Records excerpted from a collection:
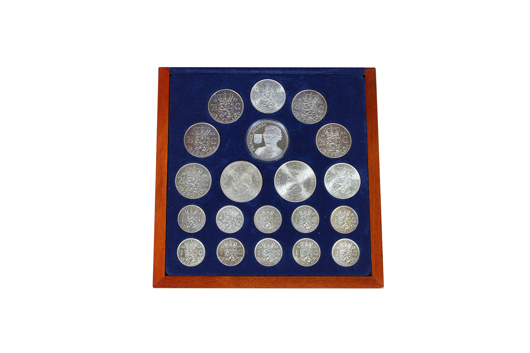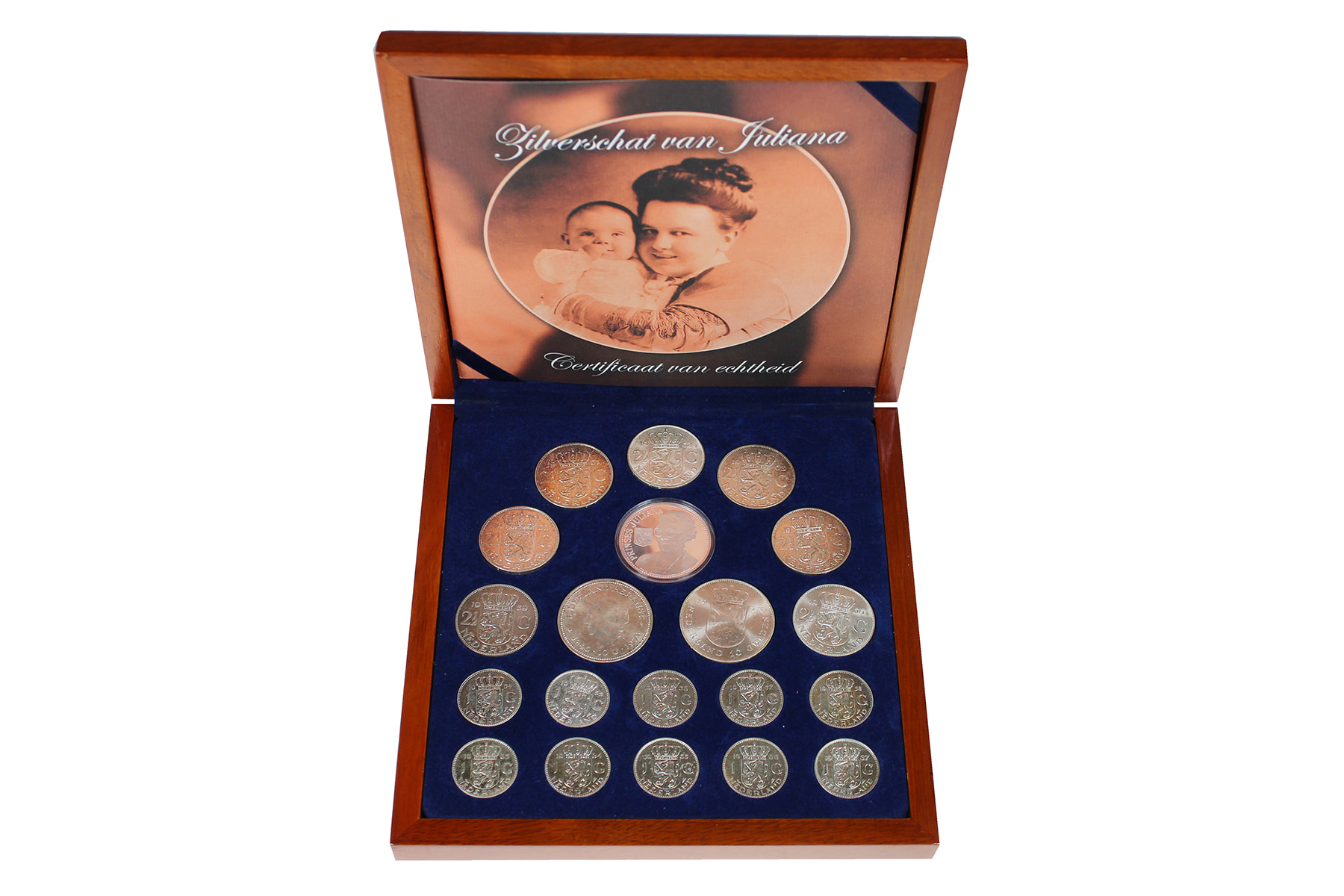 Zilverschat van Juliana. Complete serie zilvergeld guldens, rijksdaalders en zilveren tientjes, met daarbij zilveren penning van Juliana in luxe houten kist.
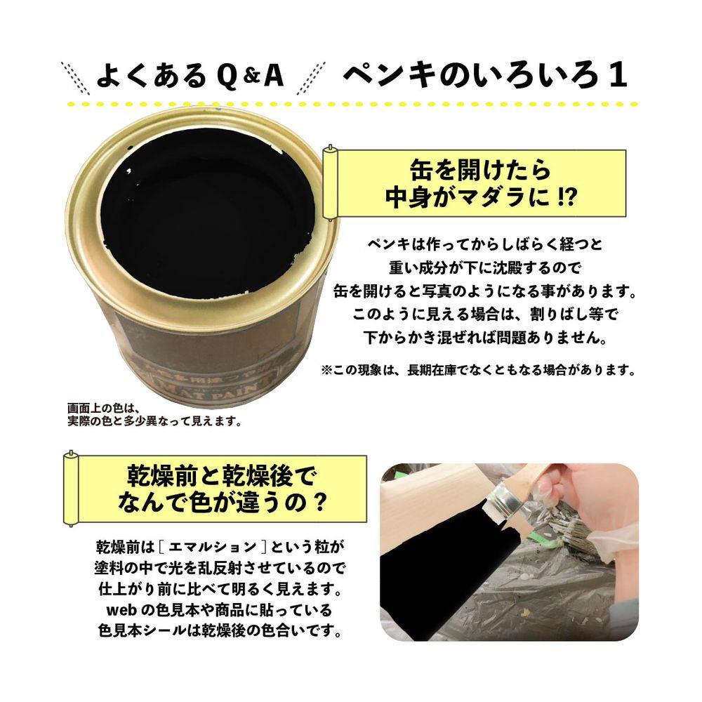 ・[乾燥時間・塗面積について]乾燥時間、塗面積の表示は、気象条件・塗る素材・形状・塗り方などによって多少異なります。
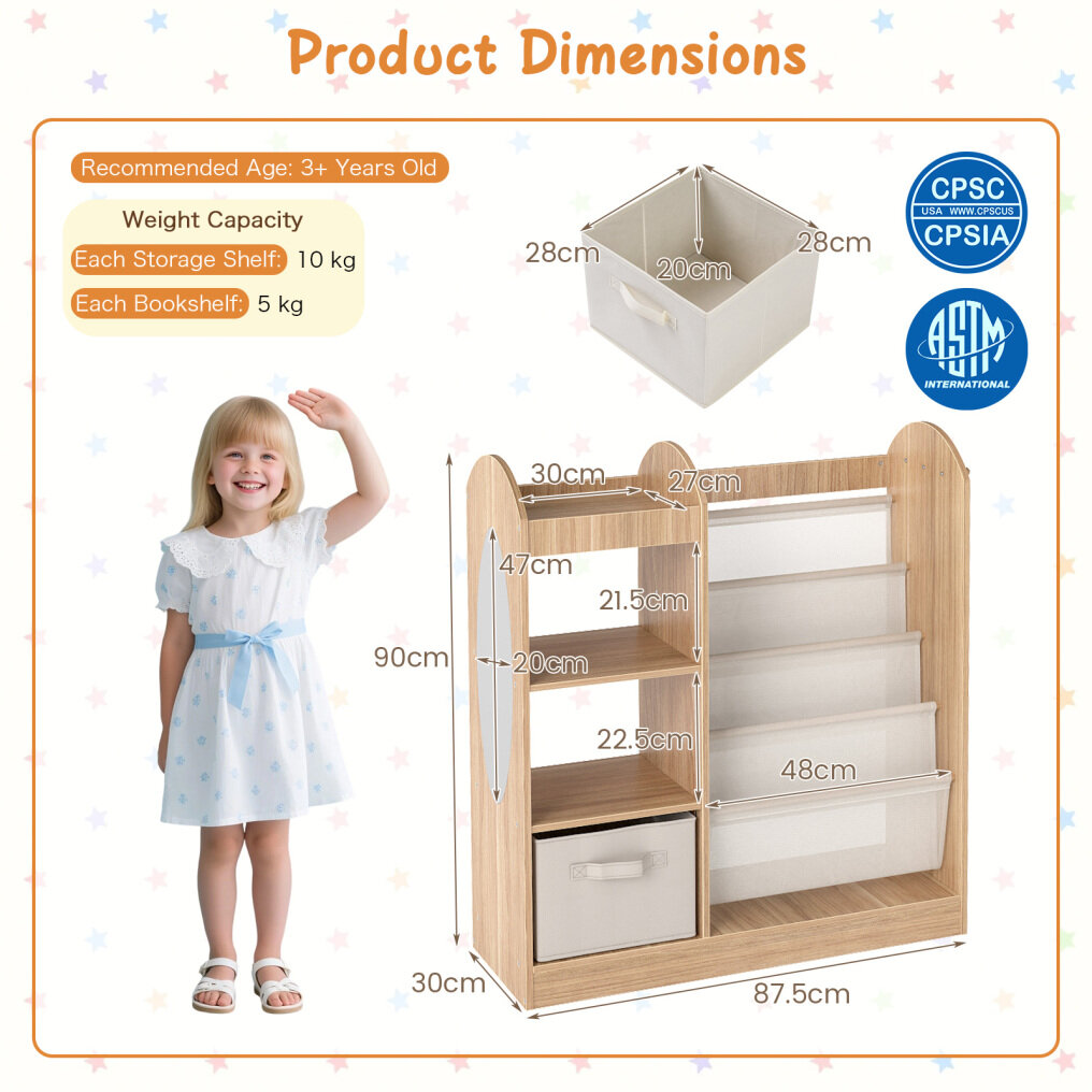 ● Removable Fabric Drawer: The bottom fabric drawer on this kids bookshelf is easy to pull out and fold without tools, providing simple and versatile storage for toys, books, and other nursery essentials.
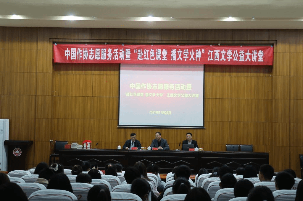为庆祝中国共产党百年华诞,推进党史学习教育走深走实,11月29日,中国作家协会文学志愿服务示范性重点项目“赴红色课堂 播文学火种”江西文学公益大讲堂在beat365官网举行。江西省作家协会副主席曾清生,上栗县委常委、统战部部长、民族宗教局局长、2004届校友漆宇勤出席活动,校党委委员、宣传部部长陈永国,党委宣传部有关同志、人文与传媒学院师生代表参加活动。活动由人文与传媒学院院长易志文主持。
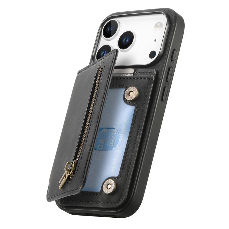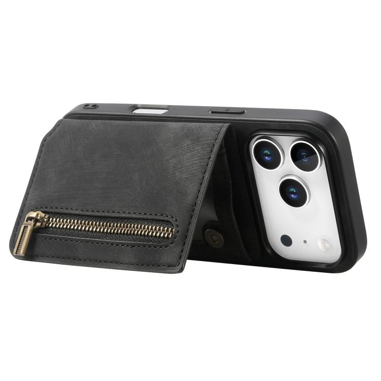 Funda de cuero retro con cremallera para iPhone 17 Pro (negra)
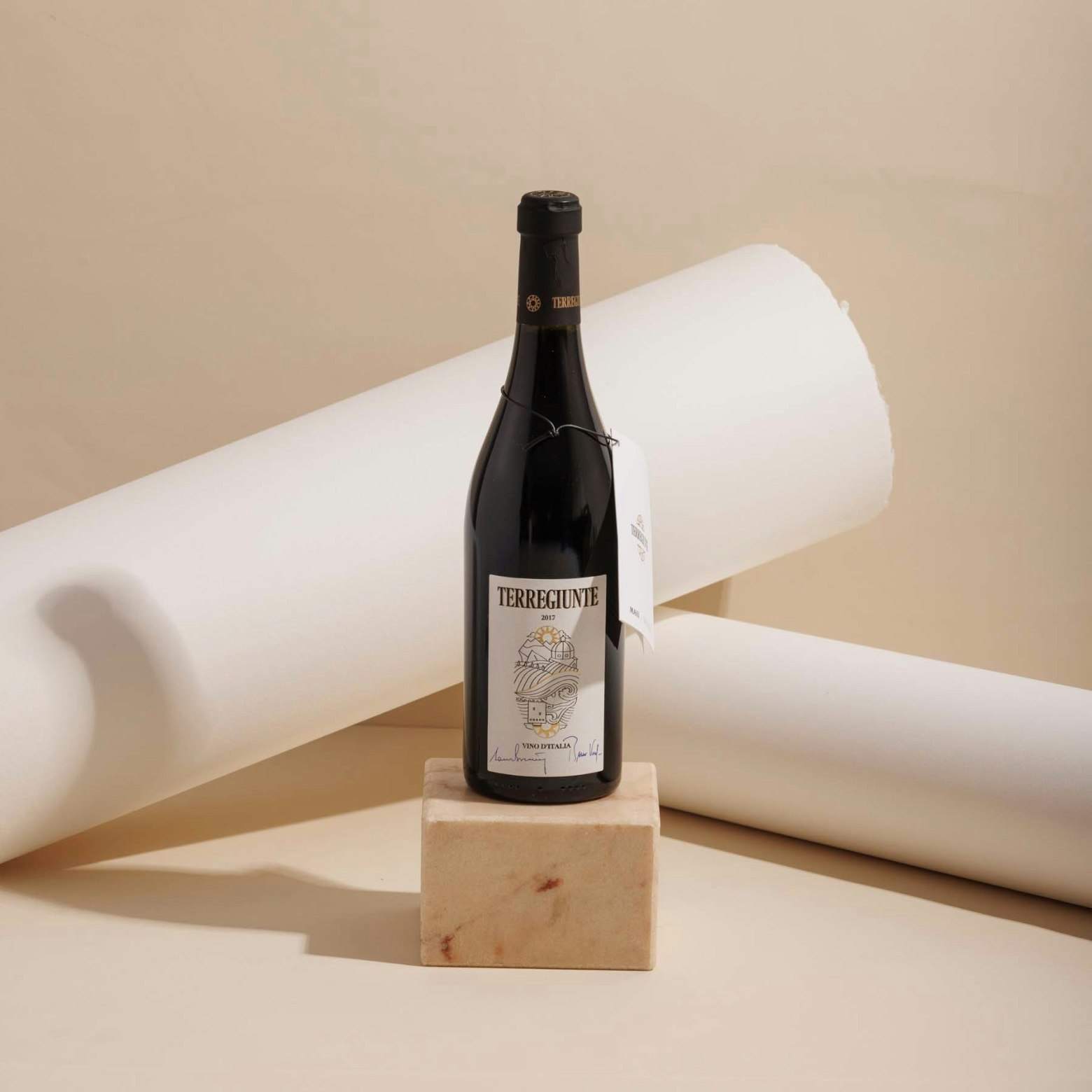 L'etichetta di Terregiunte è espressione di due mondi, due culture geograficamente agli antipodi, Nord e Sud. Due soli, calmo e riservato al nord, rovente e vibrante al sud, illuminano rispettivamente la cupola di Marano di Valpolicella e la Torre Burraco di Manduria, al centro le onde del Mar Ionio si fondono con le colline ai piedi dall'Alpe.

■ Exercise instructions ■
Reproduce verbatim every line starting at the line that holds "为庆祝中国共产党百年华诞,推" and ending with the final line of the data; omit the pictures.

■ Your response ■
为庆祝中国共产党百年华诞,推进党史学习教育走深走实,11月29日,中国作家协会文学志愿服务示范性重点项目“赴红色课堂 播文学火种”江西文学公益大讲堂在beat365官网举行。江西省作家协会副主席曾清生,上栗县委常委、统战部部长、民族宗教局局长、2004届校友漆宇勤出席活动,校党委委员、宣传部部长陈永国,党委宣传部有关同志、人文与传媒学院师生代表参加活动。活动由人文与传媒学院院长易志文主持。
 Funda de cuero retro con cremallera para iPhone 17 Pro (negra)
 L'etichetta di Terregiunte è espressione di due mondi, due culture geograficamente agli antipodi, Nord e Sud. Due soli, calmo e riservato al nord, rovente e vibrante al sud, illuminano rispettivamente la cupola di Marano di Valpolicella e la Torre Burraco di Manduria, al centro le onde del Mar Ionio si fondono con le colline ai piedi dall'Alpe.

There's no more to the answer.